12.0.26 13/August/2021
- FASTA improvements: compression improvement for amino acid
FASTAs; support --downsample ; support .fas and .frn filename
extensions
12.0.25 9/August/2021
- DVCF: added tag renaming ; RengAlg attribute of ##INFO and
##FORMAT now enclosed in quotes.
- VCF: better compression for INFO/CLNDN, INFO/CLNHGVS,
INFO/RS, INFO/ALLELEID
- When loading implicit reference files with a relative path,
first try path relative to current directory, and then
relative to file's directory.
12.0.14 29/July/2021
- FASTQ: support files where the 3rd line is a copy of the 1st
line, except with '+' prefix instead of '@'
- DVCF: a. lift-over of complex indels ; b. consistent sorting
of lines that have the same CHROM/POS c. alt chrom names also
if VCF has no contigs in header
- snips with len > 512K (technical improvement)
12.0.13
- Option change: --grep for fastq now tests the entire read,
not just the description
- Option change: --interleaved now has an optional paramter
--interleave=either or --interleave=both (default: both)
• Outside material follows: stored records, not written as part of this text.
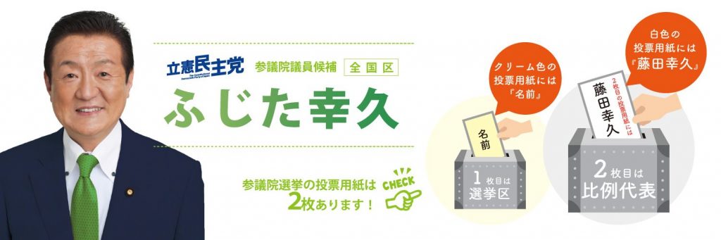 参議院議員通常選挙は、明日が投開票日となります。これまで各地でご支援、激励いただきました皆さんに、厚く御礼申し上げます。SNS、ホームページでの選挙活動の投稿も今日が最後です。まだ投票されていない方は、本日20時までに期日前投票に行っていただくか、明日7月21日当日、是非とも投票所に足を運んで頂き、2枚目の比例代表の投票用紙に「藤田幸久」と書いていただきますようお願い致します!
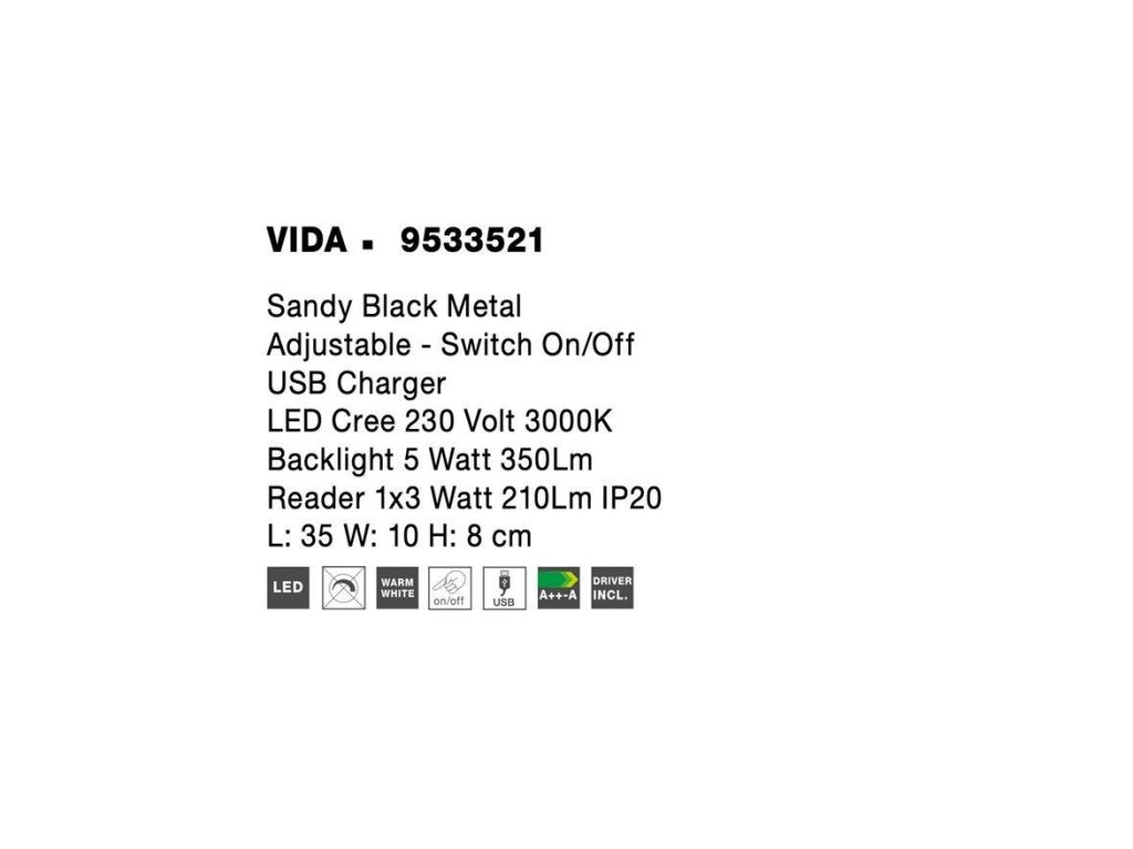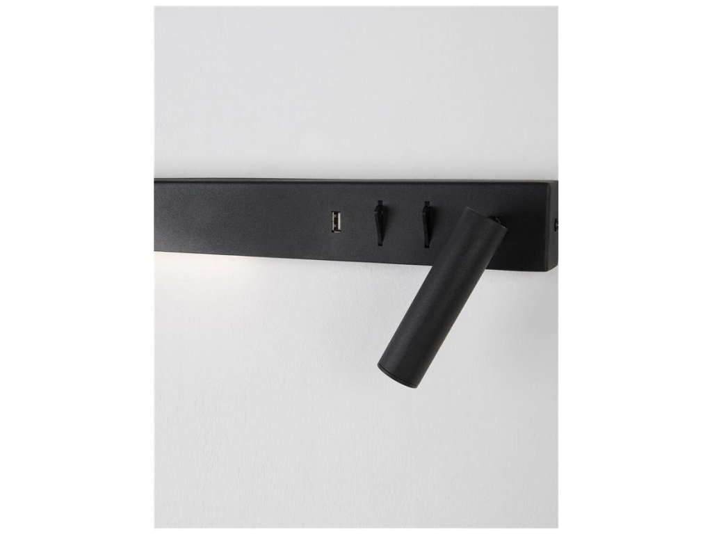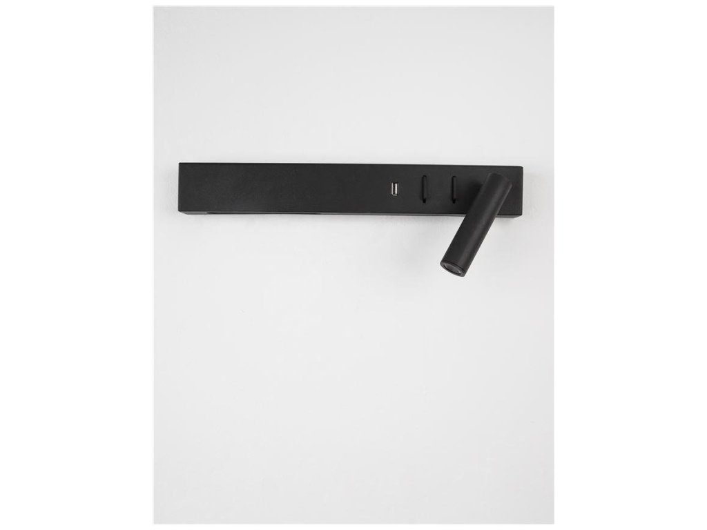 Nástěnné svítidlo VIDA "levé" černý kov nastavitelné - vypínač na těle USB nabíjení LED Cree 230V 3000K osvětlení 5W čtecí lampička 1x3W IP20 - NOVA LUCE
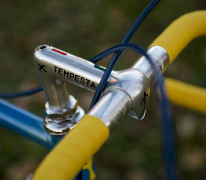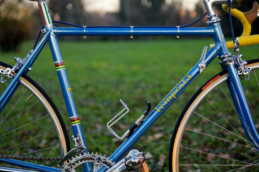The Tempesta brand began in 1930, with Vito Tempesta repairing bicycles in Terlizzi, Italy. In 1932 his son Michele was born. Michele, also called Lino, became a influential team mechanic for cycling pros an a successful custom frame maker. Finally, Lino’s son Silvio became a well known racer and then also a team mechanic to cycling stars. Silvio also was a consultant to Cinelli.
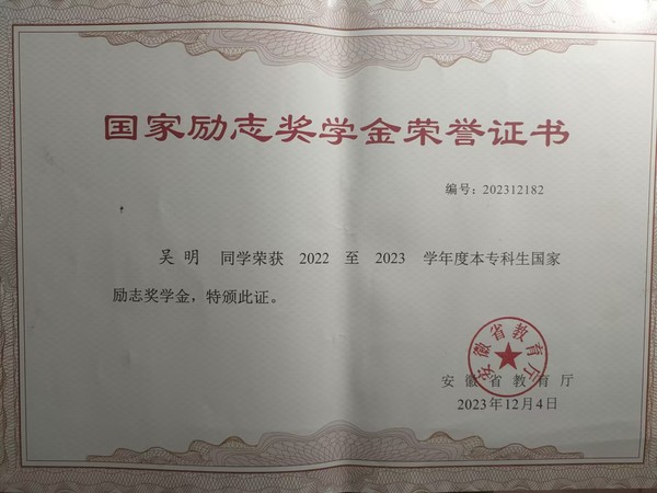 吳明,男,漢族,2002年9月出生, 中共黨員,巢湖學院數學與應用數學專業2020級學生。在校期間擔任班級班長、院學生會辦公室干事、巢湖學院網宣員。曾獲2021-2022和2022-2023學年年度國家勵志獎學金、巢湖學院“優秀學生”“優秀學生干部稱號。積極參加學科競賽和社會實踐活動, 獲得第十二屆全國大學生市場調查與分析大賽省級二等獎、全國大學生數學建模競賽省級三等獎,第九屆巢湖學院“互聯網+”大學生創新創業大賽銀獎、家鄉“抗擊疫情,志愿服務”榮譽證書。在2024年研究生入學考試中,考入安徽工業大學數學專業。

describing how to handle in case of subsetting with eg --grep
12.0.12 24/July/2021
- Better support for compressing gff3 files
12.0.10 + 12.0.11 22/July/2021
- bug fixes
12.0.7 + 12.0.8 16/July/2021
- license and copyright update
12.0.6 15/July/2021
- new option: --tar to archive with genozip. See:
https://genozip.com/archiving.html
- new option: --files-from/-T - An alternative to providing
input file names on the command line
- bug fixes
12.0.5 9/July/2021
- Compressing low-coverage SAM/BAM files without a reference:
better compression ratio, better decompression performance
12.0.4 8/July/2021
- safer implementation of --replace
- updated non-commercial license
- bug fixes
12.0.3 6/July/2021
- new option: --licfile. See genozip.com/using-on-hpc.html
12.0.2 2/July/2021
a. Dual-coordinate VCF files: genozip --chain to create a
dual-coordinates file ; genocat --luft ("lifted") to see
https://genozip.com/dvcf.html
b. Filtering by taxonomy using kraken2 files - support for
compressing kraken output files --kraken, --taxid, see:
https://genozip.com/kraken.html.
c. Many other improvements:
- Support genocat --sort for VCF files ; --sort implied for
dual-coordinates VCF files. Disabled by --unsorted.
- Fixed bug with subsetting samples in VCF (genocat --sample).
The fix will work on files compressed with 11.0.9 onwards.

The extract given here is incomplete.